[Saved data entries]
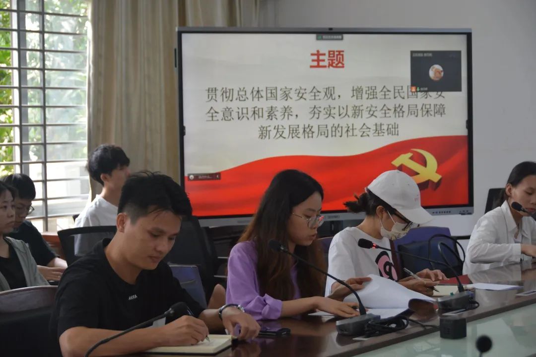 在第八个全民国家安全教育日来临之际,为深入学习党的二十大精神、贯彻习近平总书记关于国家安全观的重要论述精神,我院学生党支部于2023年4月13日中午12点,在文B205党员活动室召开了2023年全民国家安全教育日专题学习活动。参与本次学习活动的有学生党支部组织委员兼宣传委员陈学老师,学生党支部支委委员陈芯妍老师、林紫荆老师,学生正式党员和预备党员。本次会议由陈芯妍老师主持。
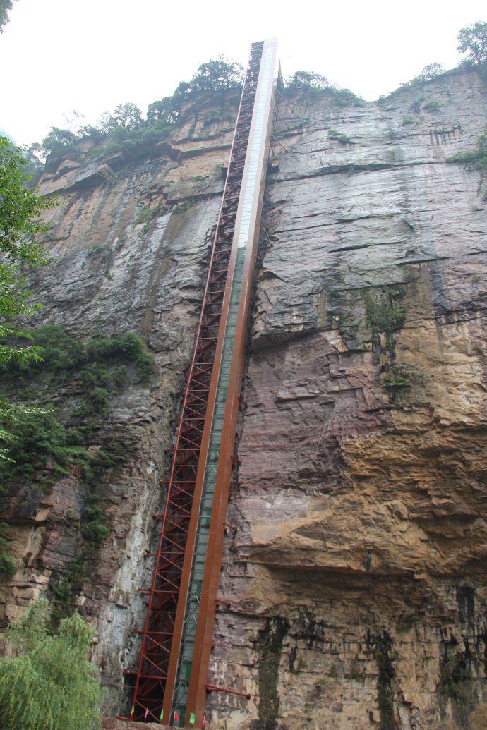 這個,嘿嘿,這個觀光電梯可比剛才的絕壁天梯文雅多了,只需要兩分鐘就可以一躍而到近兩百米的紅巖絕壁頂面,在不經意間我已經跨越了十五億的地質時空,哈哈哈,好爽。
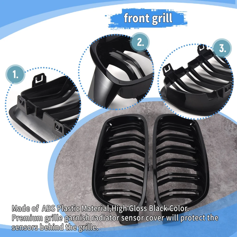 GläNzend Schwarz Auto Front Nieren Gitter Gitter FüR- 3 Series F30 F31 F35 5425 {LIS_PIC} Die Kühlergrilleinsätze Garnitur Sensorabdeckung passt für 3er 4-Türer Limousine F30; 5-türiger F31; F35. Hergestellt aus hochwertigem ABS-Kunststoff, hochglänzend schwarze Farbe. Die Kühlersensorabdeckung mit Premium-Grillgarnitur schützt die Sensoren dem Kühlergrill. Direkter Austausch Großer Kühlergrill, einfach zu installieren. Vorsicht bei Auto mfg Mitte des Jahres. Änderungen. Bitte senden Sie uns ein Bild der Vorderseite Ihres Autos, bestätigen Sie oder teilen Sie uns die Rahmennummer Ihres Autos mit. Wir werden unser Bestes für Sie tun. Schöner, langlebiger, trendiger Look Ersetzt leicht die alte Niere Brandneu und unbenutzt. Hilft, Stil hinzuzufügen und ältere Modelle zu verbessern. Verleiht Ihrem Fahrzeug einen individuellen Stil. Einfach zu installieren, langlebig Aktualisieren Sie Ihren alten, veralteten, schmalen und verblassten Kühlergrill und nehmen Sie diesen fabelhaften M5 Euro Grill , der Ihnen einen breiteren Lamellentyp und ein elegantes Aussehen bietet Zustand: 100% Brandneu Für 3er F30 F31 F35 2012-2017 Farbe:Hellschwarz Material:Kunststoff Verpackungsinhalt: 1 Paar x Autogrill (Doppellamelle)
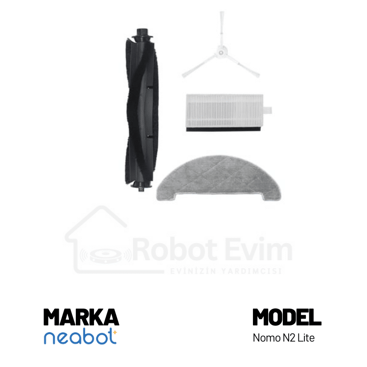 Neabot marka Nomo N2 Lite modeli robot süpürgeniz için Orjinal siyah aksesuar seti. Paket içeriği; 1 adet ana fırça, 1 adet yan fırça, 1 adet hepa filtre, 1 adet mop bezi
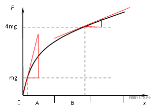 Груз совершает малые вертикальные колебания вокруг положения равновесия. В случае груза массой m положению равновесия соответствует растяжение жгута, обозначенное на рисунке буквой A, при массе груза 4m — растяжение жгута, обозначенное буквой B. Поскольку зависимость силы упругости от удлинения жгута нелинейная, коэффициент жесткости зависит от растяжения, геометрически его значение при определенном растяжении равно тангенсу угла наклона графика в соответствующей точке.
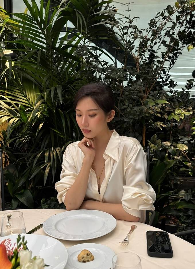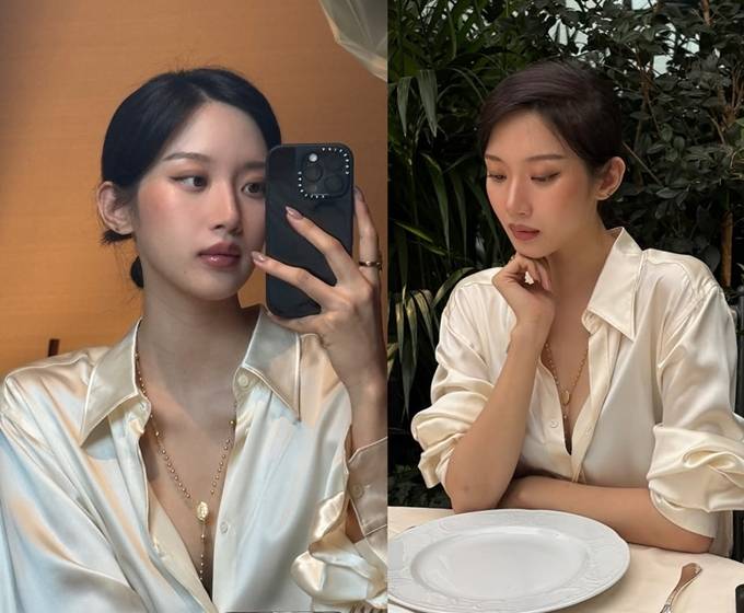 공개한 사진에서 문가영은 은은하게 빛나는 실크 소재의 셔츠로 우아하면서도 고급스러운 분위기를 자아냈다.
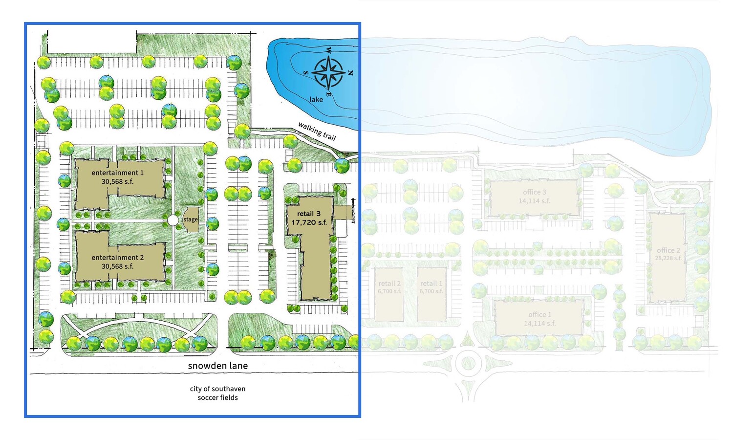 The fourth phase of the 16-acre Top of the Sipp development includes a pad ready leasing spot, ready for multi-level shops and services, retail, commercial, restaurant, or entertainment.
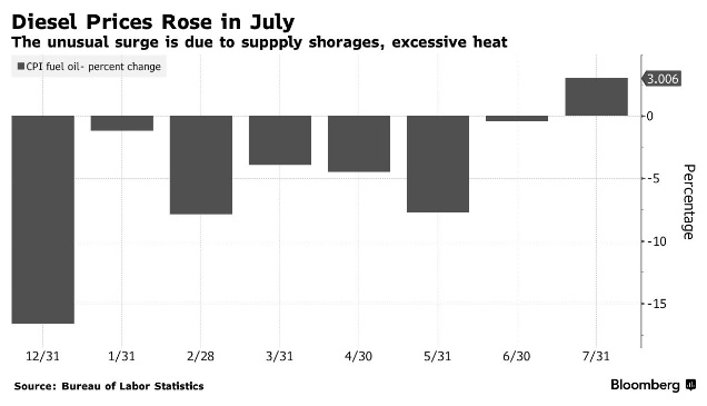 智通财经APP获悉,柴油价格在夏季不同寻常的涨势,正开始体现在美国的通胀数据上。根据美国劳工统计局的数据,7月份燃料油价格出现八个月来的首次上涨,加剧了整体能源通胀,涨幅超过了汽油价格。上个月,消费者不得不为柴油支付更多的价格,因为极端高温在一定程度上导致了库存本已很低的关键地区大量炼油厂停产。

Task statement => Copy out the lines above from the line containing "這個,嘿嘿,這個觀光電梯可比" through the line containing "The fourth phase", exactly, and keep the pictures out.

Result =>
 這個,嘿嘿,這個觀光電梯可比剛才的絕壁天梯文雅多了,只需要兩分鐘就可以一躍而到近兩百米的紅巖絕壁頂面,在不經意間我已經跨越了十五億的地質時空,哈哈哈,好爽。
 GläNzend Schwarz Auto Front Nieren Gitter Gitter FüR- 3 Series F30 F31 F35 5425 {LIS_PIC} Die Kühlergrilleinsätze Garnitur Sensorabdeckung passt für 3er 4-Türer Limousine F30; 5-türiger F31; F35. Hergestellt aus hochwertigem ABS-Kunststoff, hochglänzend schwarze Farbe. Die Kühlersensorabdeckung mit Premium-Grillgarnitur schützt die Sensoren dem Kühlergrill. Direkter Austausch Großer Kühlergrill, einfach zu installieren. Vorsicht bei Auto mfg Mitte des Jahres. Änderungen. Bitte senden Sie uns ein Bild der Vorderseite Ihres Autos, bestätigen Sie oder teilen Sie uns die Rahmennummer Ihres Autos mit. Wir werden unser Bestes für Sie tun. Schöner, langlebiger, trendiger Look Ersetzt leicht die alte Niere Brandneu und unbenutzt. Hilft, Stil hinzuzufügen und ältere Modelle zu verbessern. Verleiht Ihrem Fahrzeug einen individuellen Stil. Einfach zu installieren, langlebig Aktualisieren Sie Ihren alten, veralteten, schmalen und verblassten Kühlergrill und nehmen Sie diesen fabelhaften M5 Euro Grill , der Ihnen einen breiteren Lamellentyp und ein elegantes Aussehen bietet Zustand: 100% Brandneu Für 3er F30 F31 F35 2012-2017 Farbe:Hellschwarz Material:Kunststoff Verpackungsinhalt: 1 Paar x Autogrill (Doppellamelle)
 Neabot marka Nomo N2 Lite modeli robot süpürgeniz için Orjinal siyah aksesuar seti. Paket içeriği; 1 adet ana fırça, 1 adet yan fırça, 1 adet hepa filtre, 1 adet mop bezi
 Груз совершает малые вертикальные колебания вокруг положения равновесия. В случае груза массой m положению равновесия соответствует растяжение жгута, обозначенное на рисунке буквой A, при массе груза 4m — растяжение жгута, обозначенное буквой B. Поскольку зависимость силы упругости от удлинения жгута нелинейная, коэффициент жесткости зависит от растяжения, геометрически его значение при определенном растяжении равно тангенсу угла наклона графика в соответствующей точке.
 공개한 사진에서 문가영은 은은하게 빛나는 실크 소재의 셔츠로 우아하면서도 고급스러운 분위기를 자아냈다.
 The fourth phase of the 16-acre Top of the Sipp development includes a pad ready leasing spot, ready for multi-level shops and services, retail, commercial, restaurant, or entertainment.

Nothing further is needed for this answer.